10 Simple Steps to Self-Sufficiency
June 12, 2014
Most of us don’t have the luxury/ability/desire/whatever to be 100% self-sufficient, but there are things you can start doing today that will put you on the road to being 10% or 20% or 90% self-sufficient, and that is a great goal, too!
1. Get an emergency fund. While most of us can’t completely live off what we grow and make ourselves, being financially secure is a great step on the path to being completely self-sufficient. If you have a financial reserve, you can buy the necessities that you may not have on hand. Aim for 3-6 months of expenses in a high-yield savings account (easily accessible, don’t invest this money in inaccessible funds). Live on less than what you earn, and use the rest for building an emergency fund and investing for retirement. Whether it’s 30%, 60%, or 80% depends on your living expenses and income. After each paycheck, place a specific percentage into your emergency fund until you have 3-6 months saved. Replenish as necessary (but remember this is an emergency fund, not a vacation or “fun” fund). Part of becoming financially self-sufficient is reducing your debt to become debt-free.
2. Start a garden. Whether it’s a bag of potting soil with a few tomatoes growing out of it, or a perfect, huge organic garden, every little bit helps! This list of great gardening books with short summaries of their contents to get you started. There are all kinds of gardening methods from square-foot to pots, and there is sure to be one that fits your budget and space. On social media you can join groups about gardening in your area; these groups can be a ton of help in getting you started. Or ask an expert like your seed supplier, local master gardeners, or your neighbors who are pros).
3. Edible landscaping. Beyond an actual vegetable garden, you can landscape your yard with things you can eat! Better Homes and Gardens has a great article about this. Edible landscaping includes fruit trees and shrubs, vines, groundcover, flowers, herbs, and more! You get a beautiful yard, and you can eat it!
4. Compost. There is one thing a lawn is great for (besides playing on), and that is green material for a compost pile. OrganicGardening.com has a great basic instruction guide for building a compost pile. Essentially, you need “brown” (dead leaves, newspaper, dead flowers –carbon-rich) and “green” (plant-based kitchen waste, grass clippings – nitrogen-rich) materials, a shovel-full of garden soil, and some room, and you will have great compost for feeding your garden or edible landscape.
5. Preserve what you grow. Once you start harvesting things from your yard and garden, you need to know how to preserve your bounty to use during the off-season. It does take time, but it saves a lot of money on food. This can include canning, freezing, drying (read our post Preparedness Basics: How to Use a Dehydrator), pickling, smoking, and more.
6. Learn How to Cook from scratch. Once you have a bunch of great produce and other plants from your edible landscape and garden, you need to know how to cook with these great ingredients. Pick up some cookbooks and start experimenting. Turn that backyard bounty into healthy, nutritious, and delicious meals for your family. You can also learn to make your own dairy products like cheese, yogurt, butter, and ice cream. Check out our article, Cheese Making 101: A Basic Guide to get started. Making food from scratch could save you big money since the prices on these items always seem to be going up!
7. Bake your own bread. Bread, especially the whole grain kind, can be expensive—sometimes costing over $4.00 a loaf! You can make bread at home for around $.50 a loaf (plus you can control what you put in it). This will save you money and help you be more self-sufficient (and it’s delicious). You can also read our post 6 Reasons Why you should Grind Your Own Wheat to learn the benefits of adding home-ground wheat to your homemade bread.
8. Use it up, wear it out, make it do, or do without. Being self-sufficient is also about frugality and learning new skills. You can make your own cleaning supplies for a fraction of the cost of store-bought bottled cleaners. Bring out your inner-chemist and mix up these cleaners from Living Well, Spending Less. You can also make your own personal care products like these from Keeper of the Home.

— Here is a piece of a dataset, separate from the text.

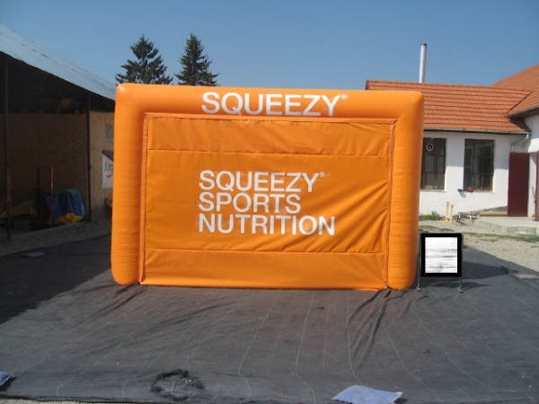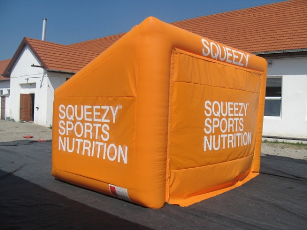Kunde Squeezy. Godt synlig salgsbod. Monteres på 5 minutter. Lett å bruke, trekker kundenes oppmerksomhet. Laget med lukkbar frontvegg . 4(m)L x 2,7m)H x 3(m)D.

You can also fix-it yourself. Learn how to do simple plumbing and electrical work, paint your own deck, etc. (You can also learn to [reuse “trash”] for new purposes. It can be a lot of fun!) And, of course, you can always ask yourself “Do I really need that?” before buying something new.
9. Walk and bike. Not only does this give you a workout, it will save on car insurance, gas, and maintenance. This can take more “time,” but if you plan it right, it can be your workout and it can help you to spend less on your shopping trips because you can’t carry as much back and you won’t be at the store as often.
10. First-Aid equipped. There are a lot of natural remedies for the small things that ail us (things you can grow in your edible/usable landscape!). Become familiar with plants and herbs that can help you treat your own minor medical problems. Learn to use essential oils (if they interest you). And don’t forget a good, fully-stocked first-aid kit that’s easy to get to. It’s also good to have a smaller one that’s portable (in case you need to carry it with you somewhere).
There are lots of easy things you can do to start or progress on the road to self-sufficiency, even just taking small steps to become more self-sufficient today can help you in the long run.
What are your best tips and top ideas to start (or continue) on the road to self-sufficiency? What’s your next step?